Noël Wells (SNL/Master Of None) - Still Sleeping - Featured Artist
It’s hard to imagine Noël Wells was at a crossroads given her previous successes. In the years prior to now, she was a cast member on Saturday Night Live, the inimitable Rachel on Master of None, and the writer, director, and star of the award-winning indie feature film Mr. Roosevelt which continues to garner fans in the streaming space. After juggling roles in the worlds of comedy, television, and film, Wells never let her creativity or ambition pause. Which explains why now, with her debut album It’s So Nice, an 11 song LP that cinches Wells’ as not just a talent to watch, but a multihyphenate artist finding her voice.
“It kind of came as a surprise,” she says, referring to the songs that would eventually make up the 11 song LP. While Wells participated in band in middle school, and considered herself relatively musical, she had never actively entertained a career in music. But after experiencing an emotionally volatile 2016, including career frustrations, a breakup, and the national tumult that surrounded the election, she found herself writing poems to cope, and after buying a guitar and taking lessons, she eventually started writing songs. “They were just pouring out of me. I have always been somewhat of a songbird, but when I would sing it felt like I was imitating someone else, and so I never pursued it. Out of all this heartache I suddenly found I was singing in what felt like my real voice, there was no pretense, there was no filter. I felt almost possessed, like I had to get them out.” She spent the next year polishing the songs, taking guitar lessons, and eventually looking for collaborators to help her record. “I knew the songwriting was really good, and the songs were saying things I wanted to say much better than if I just said them. I wanted to do them justice.”
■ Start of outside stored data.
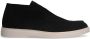 Zwarte sude boots van Manfield met witte zool van 2 cm en uitneembare binnenzool. We adviseren als verzorging en bescherming de sude/nubuck spray in transparant
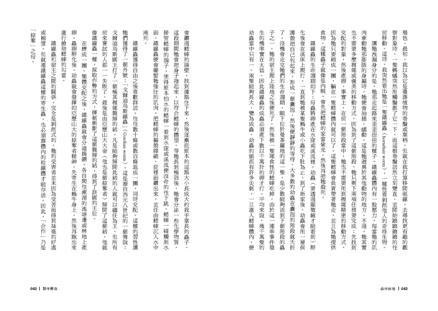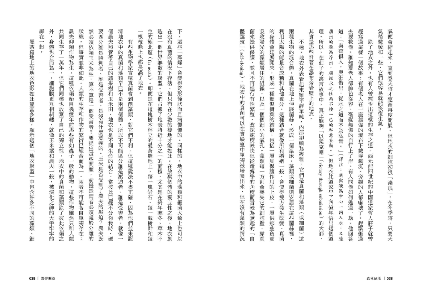 這讓我想起我曾讀過的兩本翻譯到台灣的,同樣是書寫森林的優秀自然書寫作品,一是大衛.弗斯特所寫的《康考特牧歌》,二是鈴木大衛(David Suzuki)與偉恩.葛拉帝(Wayne Grady)所寫的《樹──一棵花旗松的故事》。前者是作者重返梭羅的華騰湖,並以梭羅的文字紀錄與他此刻所觀察到的地景變貌對照,寫出一部新英格蘭地區的自然史;後者則是藉由花旗松(較正式的名稱是「西部黃杉」〔Douglas-fir〕)這個物種,以倒敘的寫作手法,像年輪一樣回溯到植物演化的最初,並穿插它與白蟻、螞蟻、蠑螈、北美黑啄木、白頭海鵰、飛鼠、貓頭鷹、美洲虎、狼……,乃至於文學、藝術、族群史、科學史的複雜故事。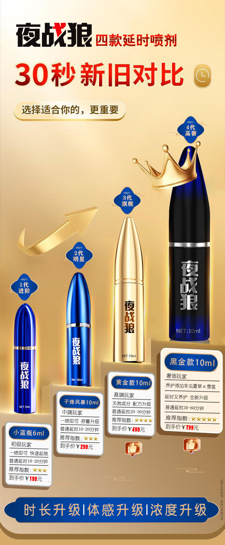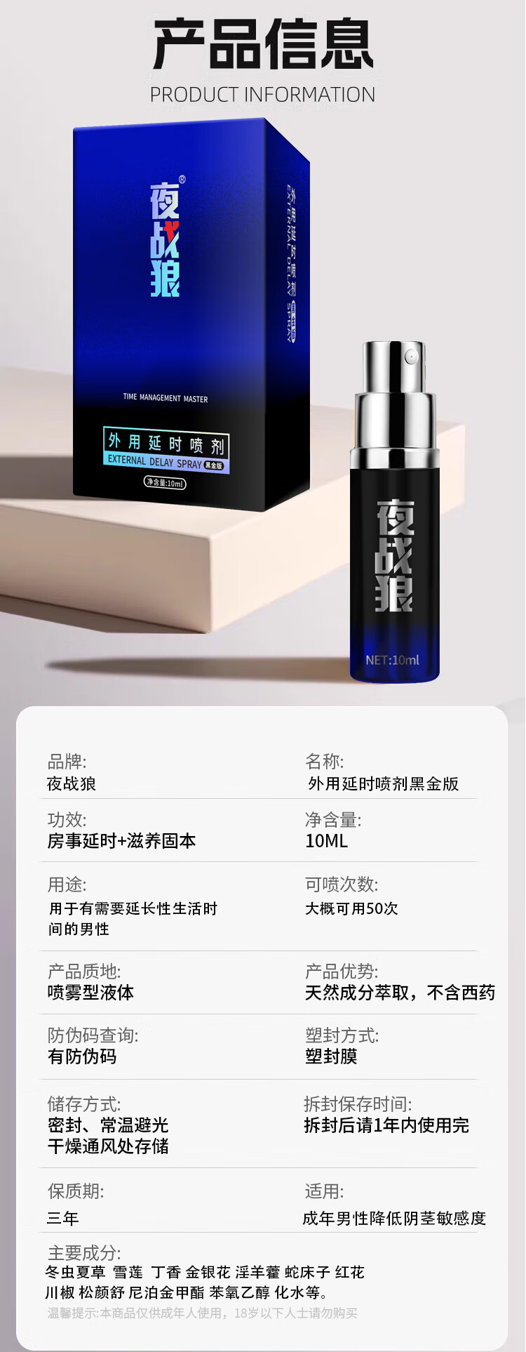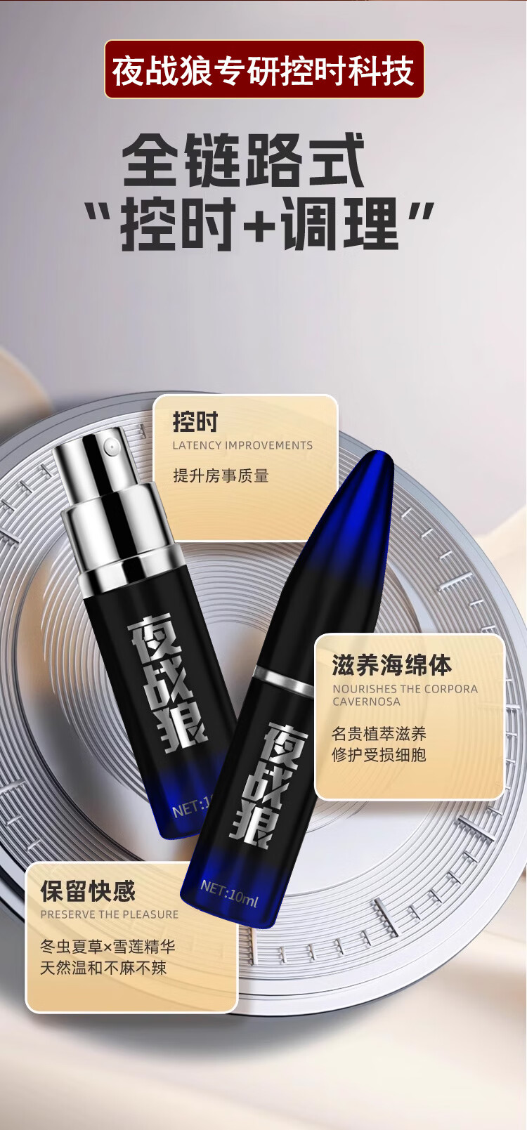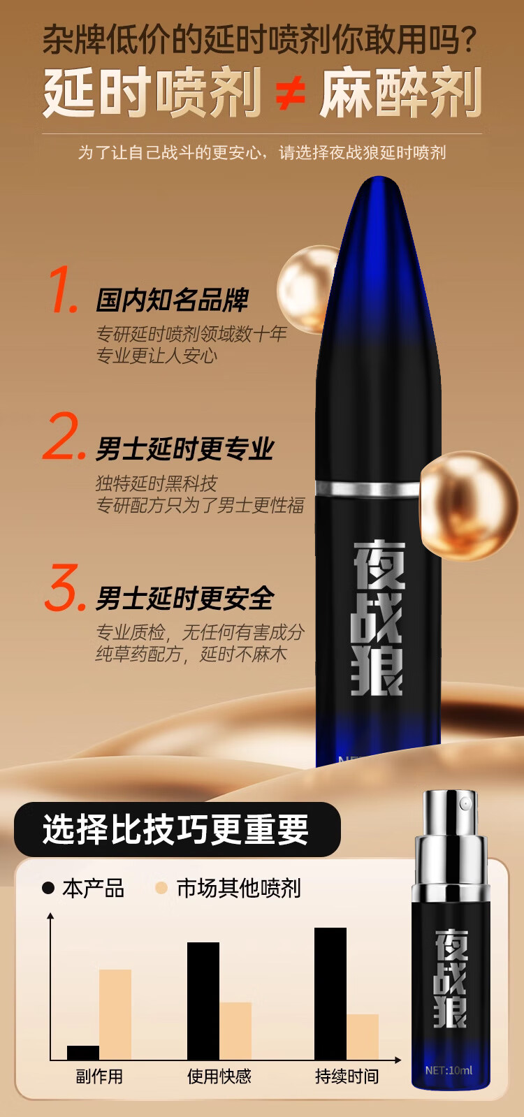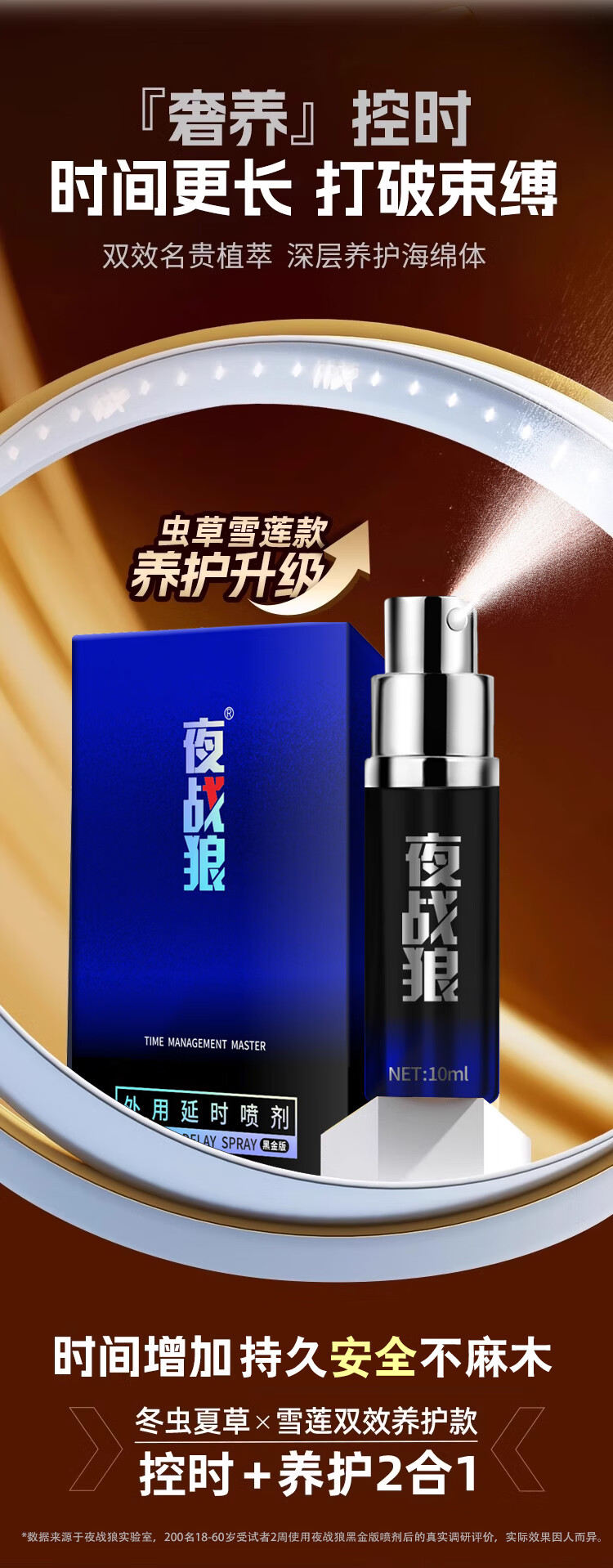 夜战狼子弹头男用延迟延时喷雾敏感早泄射精快久插不射持久喷剂印度神油 3代旗舰加强配方-黄金款10ml

It’s So Nice is an engaging catchy song experience that saunters through a diverse set of folk pop songs, country ballads, and bonafide indie rock earworms. While beautifully and tastefully produced, what’s most striking is the songwriting. At times deceptively simple, the tightly composed lyrics are filled with timeless aphoristic one- liners, sometimes serious, sometimes political, sometimes lighthearted and witty, akin to songwriters like John Lennon (Sunrise) or Tom Petty (Brighter Day), both whom Wells’ cautiously sites as influences. Under the guise of her playful persona, she deftly and poetically addresses the very confusion, patronization, and heartbreak that got her behind the guitar in the first place. “It’s easy to blame your unhappiness on something outside of you, the world is messed up. And I am totally aware and can make fun of myself about how many songs there are about being a woman on this record, but I really was going through it man. Like, oh wait, maybe life is hard not because there’s something I am doing wrong. Maybe it’s hard because culturally we really have this deep hatred of women, all of us. But then again, who is responsible for making me feel better? And I realized, at the end of the day, what if most of my woes really stem from how much I really don’t like myself? It’s a floodgate that had to be reckoned with.”
It’s this kind of vulnerable honesty that can be seen as the through line of the creative work Wells’ has done to date, and while a heartfelt examination of self-loathing may seem like a predictable area for an artist to undertake, there’s an air of unexpectedness to the album, ping-ponging from earnest childlike hopefulness to astute and acerbic political observations which keeps you on your toes, done so smoothly and effortlessly you may miss it. But on careful listen, you realize this isn’t an actress making a record for fun. It’s a musician and artist finding her voice in a time of need.
Wells fits in alongside peers who similarly get lost in thought. The dark folk sighs of opener “Played For Keeps” echoes with the stirring vibrato of Weyes Blood. The country-tinged “Burn It All Down” sees Wells cooing in the vein of Neko Case. Armed with an omnichord and an acoustic guitar, she channels her inner Sharon Van Etten on the lonely “Follow Me.” Instrumentally, these songs build to subtly catchy choruses that showcase her natural singing voice, often verging on the casual talent of a virtuoso like Andrew Bird. But there’s no more obvious comparison to draw than that of Jenny Lewis, an iconic musician whose lackadaisical songwriting style and innate melodies go down easy. Wells does the same with her own unique flair on “Star,” “It’s So Nice,” and “Brighter Day” — so well that it’s tempting to listen to them again as soon as they’ve ended.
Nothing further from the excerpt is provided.